> [Problem description]: Everything from the opening line of the records below through the line with "STAINLESS STEEL EARRINGS" must be duplicated exactly, pictures left out.

> [Data to use]:
***
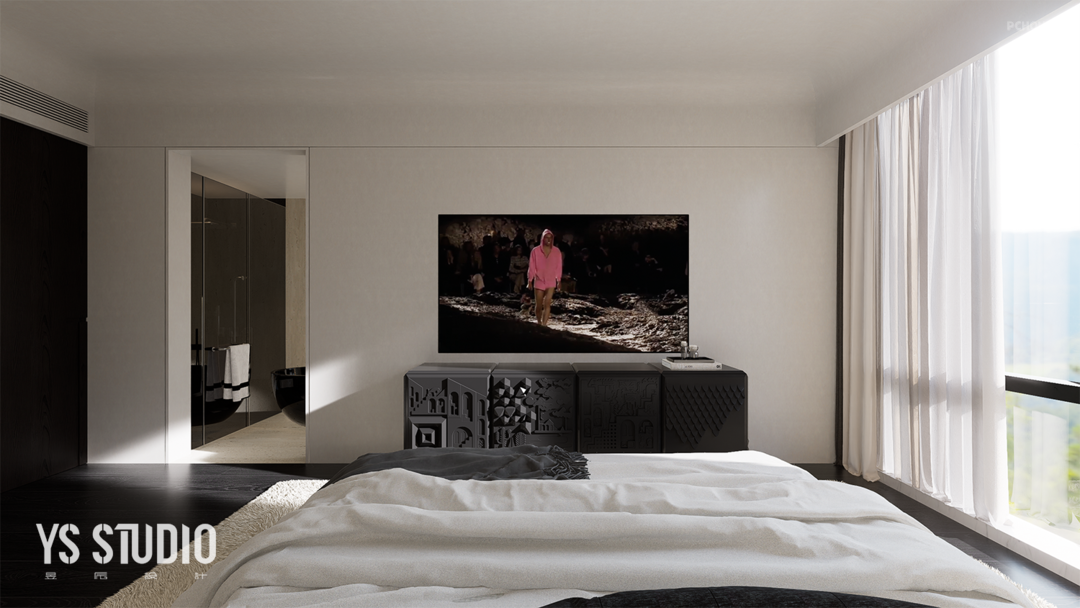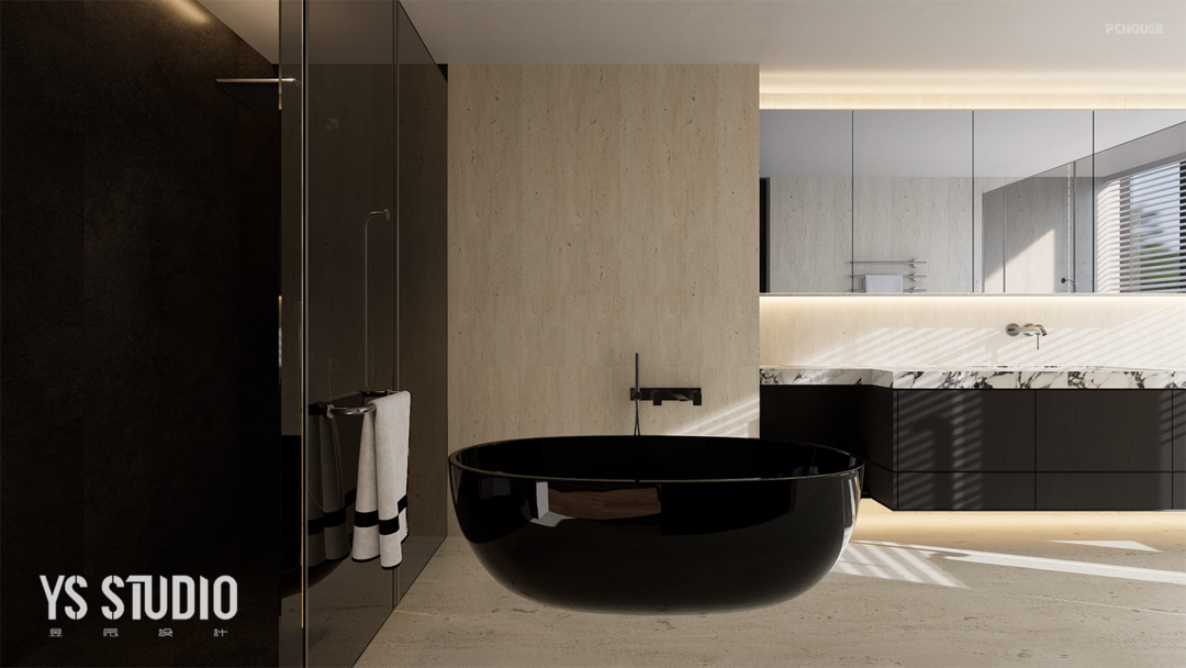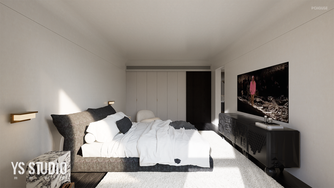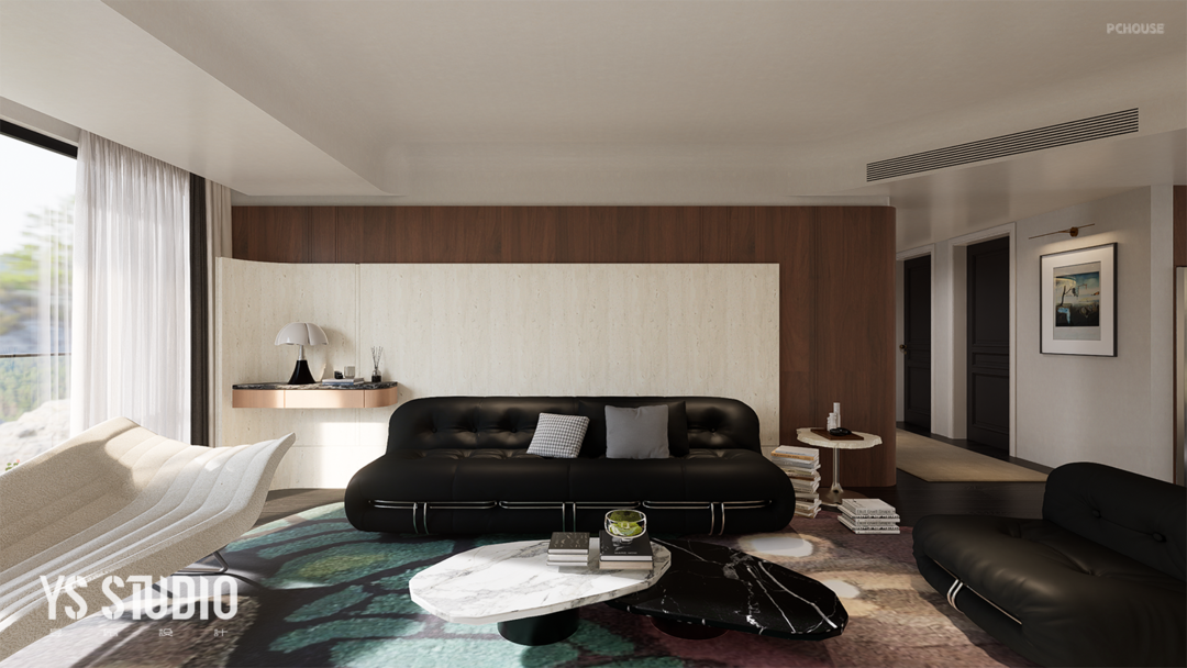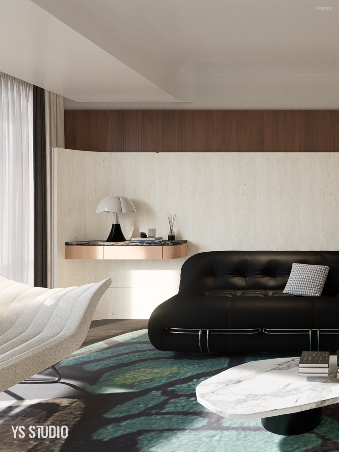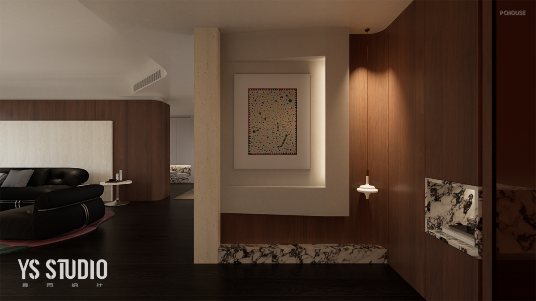 客厅更在意的是自我的使用、需求,而并非单纯待客。因此设计的重点是角落的打造,同样以木质和洞石进行拼接、转弧作底,于沙发旁生出了自然的悬挂台。金色的跳跃给空间带来了少许艺术的重量。
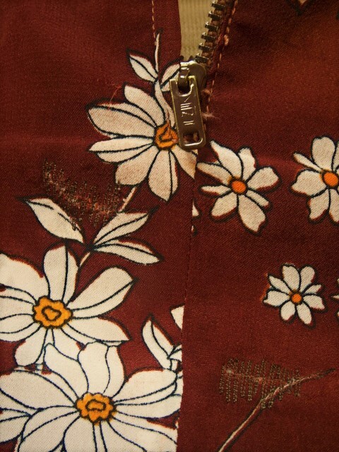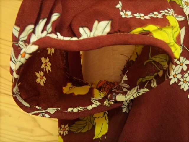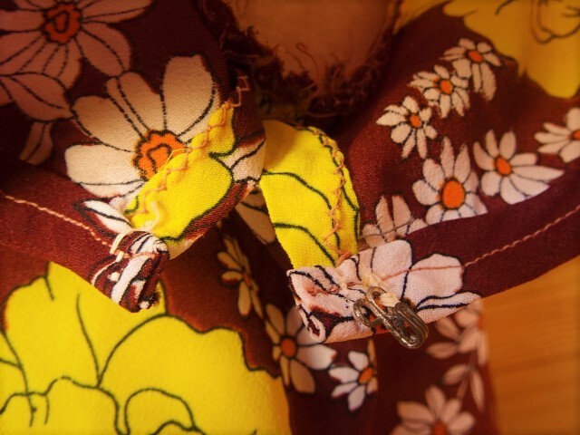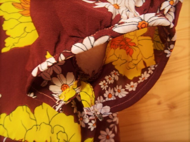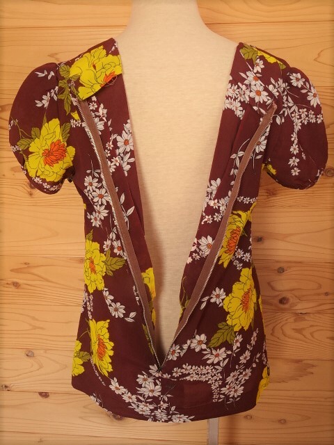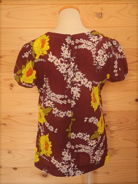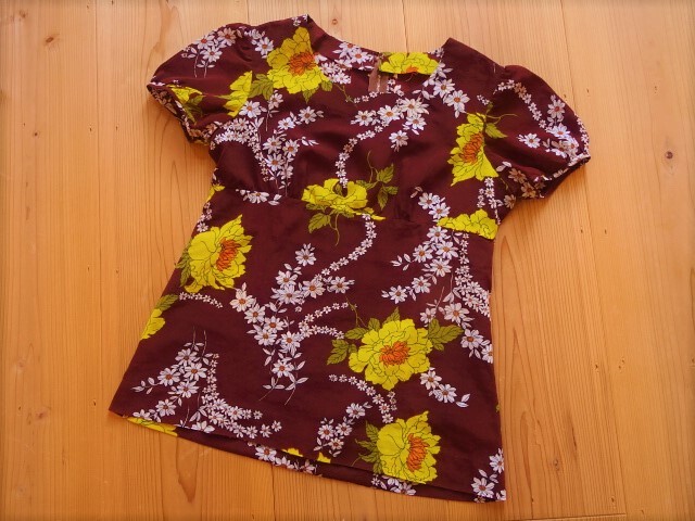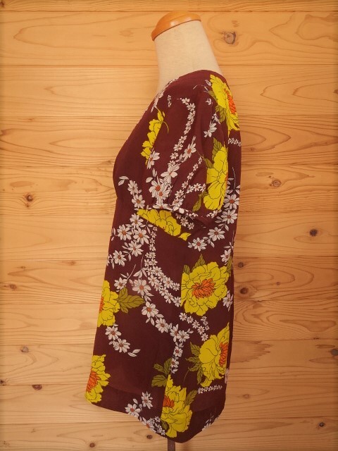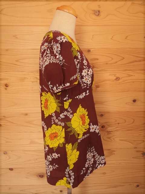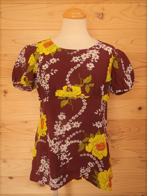 US古着 ヴィンテージ チュニック パフスリーブ エンパイア フラワー 花柄 VENUS レトロ 60s70s80s90s 個性派 茶色 オールド アメリカ USED
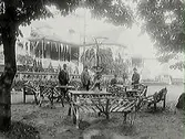 "Utställning vid Varbergs Societetsrestaurang." Några män i kubb står bland trädgårdsmöbler utanför Societetshuset.
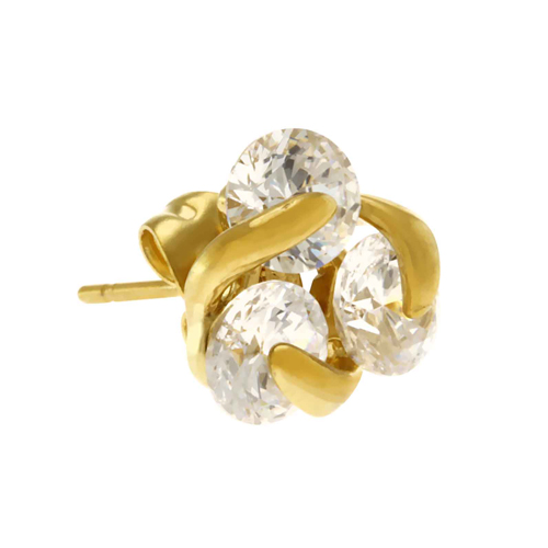 STAINLESS STEEL EARRINGS WITH 3 CRYSTALS ALL IN IPG COLOR.
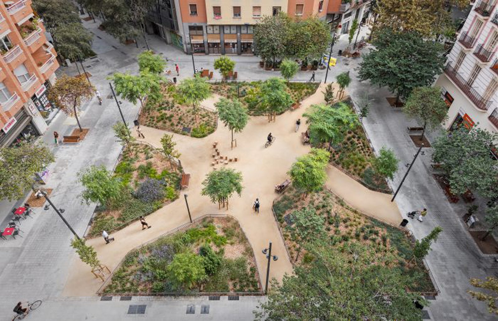 O projeto prevê a criação de 21 ruas verdes, no total de 33 km, e 21 novas praças localizadas principalmente nos cruzamentos, aproveitando o traçado urbano existente. Essas intervenções resultarão em 3,9 hectares de novos espaços públicos, além de 33,4 hectares de áreas prioritárias para pedestres e 6,6 hectares de novas áreas verdes urbanas, contribuindo para uma cidade mais sustentável, saudável e voltada às pessoas.
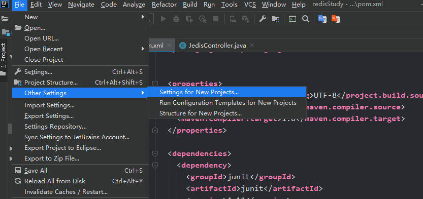在File----Other Settings---Settins for New Projects中的设置(这是让以后创建maven项目都是用这种方法)
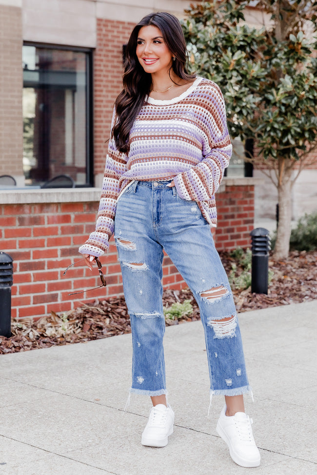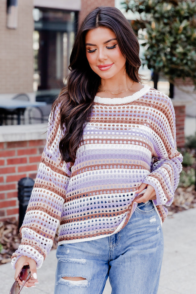 - Purple And Brown Striped Crochet Sweater
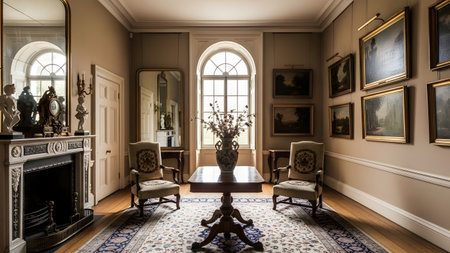 An elegant interior view of a historic room featuring classic oil paintings, antique chairs, and a central wooden table on an ornate rug. Large windows fill the space with natural light, highlighting the refined architecture and decor.
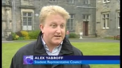 Some screen captures: Tom d’Ardenne, incoming President of the Students Association, with Alex Yabroff, the Californian incumbent, followed Dr. Brian Lang, our Principal and Vice-Chancellor (ie: the guy who actually runs the University), and a little context shot of St. Salvator’s Quad to round it up.
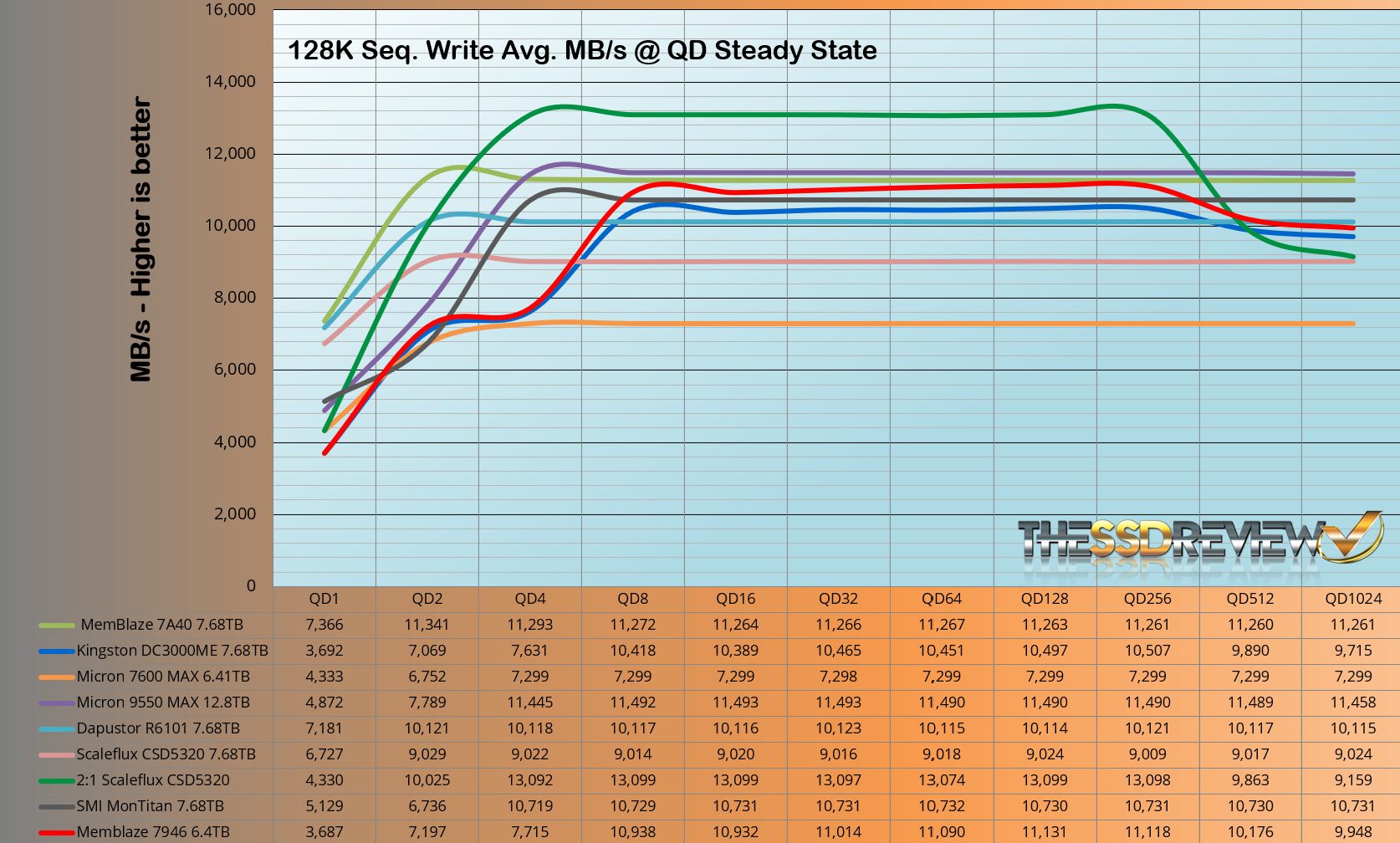 Listed specification for the Memblaze PBlaze 7946 Gen5 6.4TB E3.S SSD is 10GB/s 128K sequential write throughput and our testing provided an average of 11GB/s.
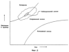 Вышеприведенные виды потока получены с помощью увеличения скорости газа. Для газовых скважин кольцевой поток, как полагают, находится выше основной части труб, в то время как для нефтяных скважин прерывистый поток превалирует в верхней части труб. В условиях на входе трубы преимущественно присутствует пузырьковый поток, следовательно, в трубе, поскольку accoциированный газ выходит из нефти, когда давление падает, происходит переход от пузырькового потока к прерывистому потоку. Режимы потоков в горизонтальном потоке проиллюстрированы на фиг.4 и являются следующими: пузырьковый поток, в котором пузырьки имеют тенденцию к флотации на верхней части воды; слоистый поток, в котором жидкость течет вдоль нижней части трубы, и газовые потоки – наверху; ударный или пульсирующий поток, в котором большие пенистые скопления жидкости чередуются с большими газовыми мешками; кольцевой поток, в котором жидкостное кольцо присоединено к стенке трубы с газом, продуваемым через нее, обычно слой на дне намного толще, чем в верхней части.
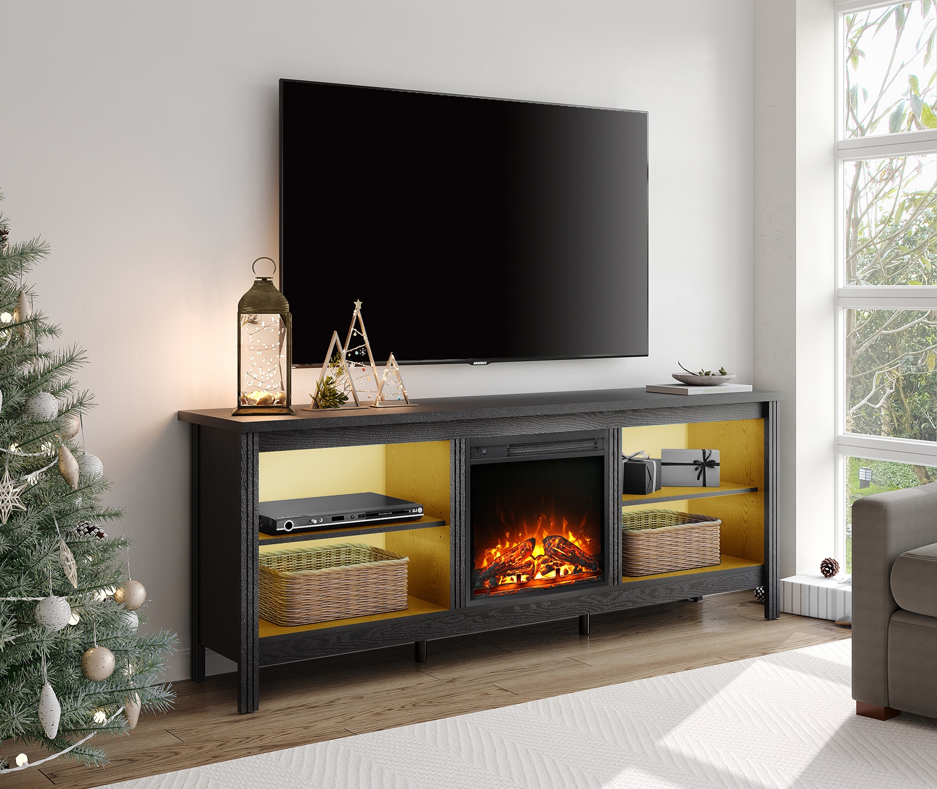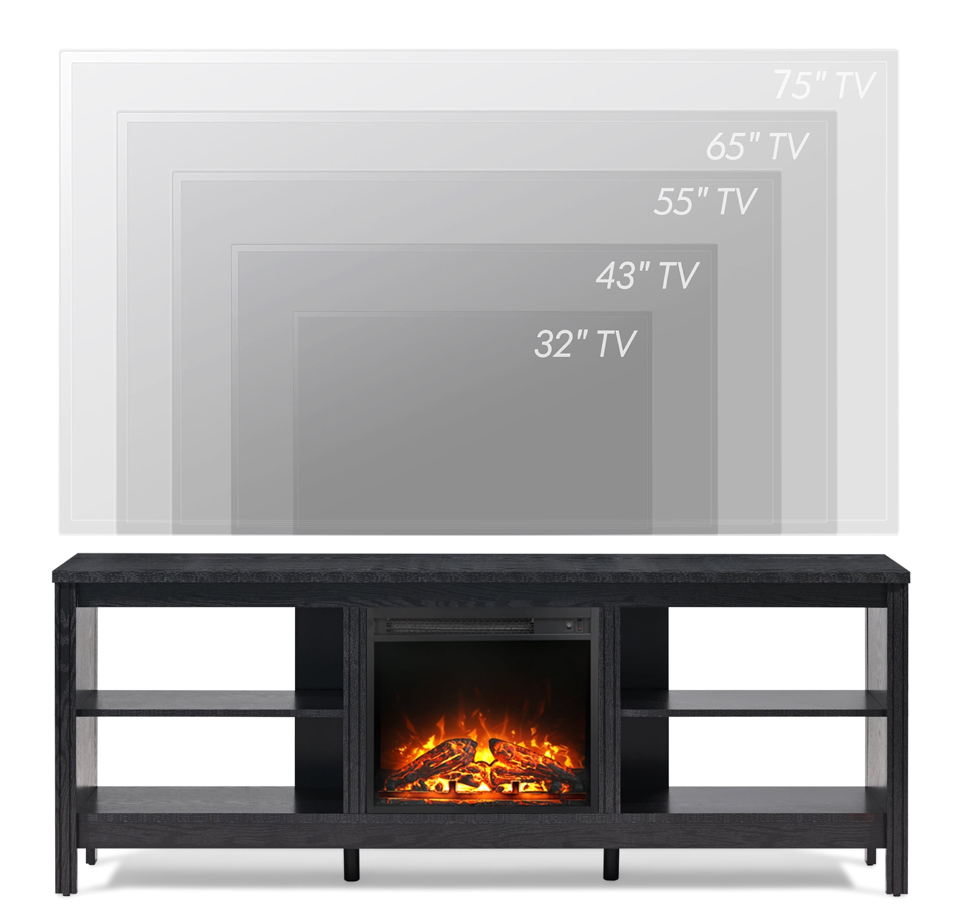 LED Fireplace TV Stand for 75 inch TV, Black 70 inch
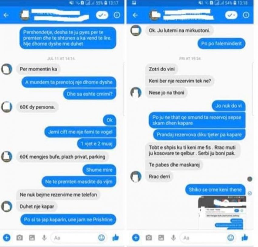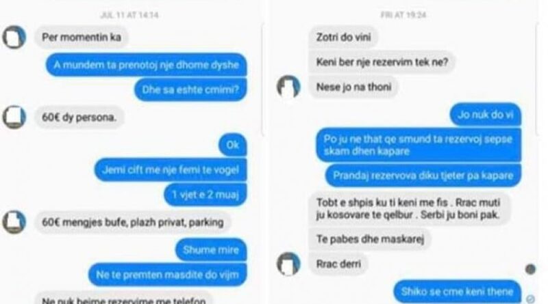 Një përvojë të tillë ka ndarë një shqiptar nga Prishtina, i cili u fye me fjalë të rënda nga pronari apo përfaqësuesi në rrjete sociale i një hoteli në Shqipëri.
***
> [Answer to the exercise]:
 客厅更在意的是自我的使用、需求,而并非单纯待客。因此设计的重点是角落的打造,同样以木质和洞石进行拼接、转弧作底,于沙发旁生出了自然的悬挂台。金色的跳跃给空间带来了少许艺术的重量。
 US古着 ヴィンテージ チュニック パフスリーブ エンパイア フラワー 花柄 VENUS レトロ 60s70s80s90s 個性派 茶色 オールド アメリカ USED
 "Utställning vid Varbergs Societetsrestaurang." Några män i kubb står bland trädgårdsmöbler utanför Societetshuset.
 STAINLESS STEEL EARRINGS WITH 3 CRYSTALS ALL IN IPG COLOR.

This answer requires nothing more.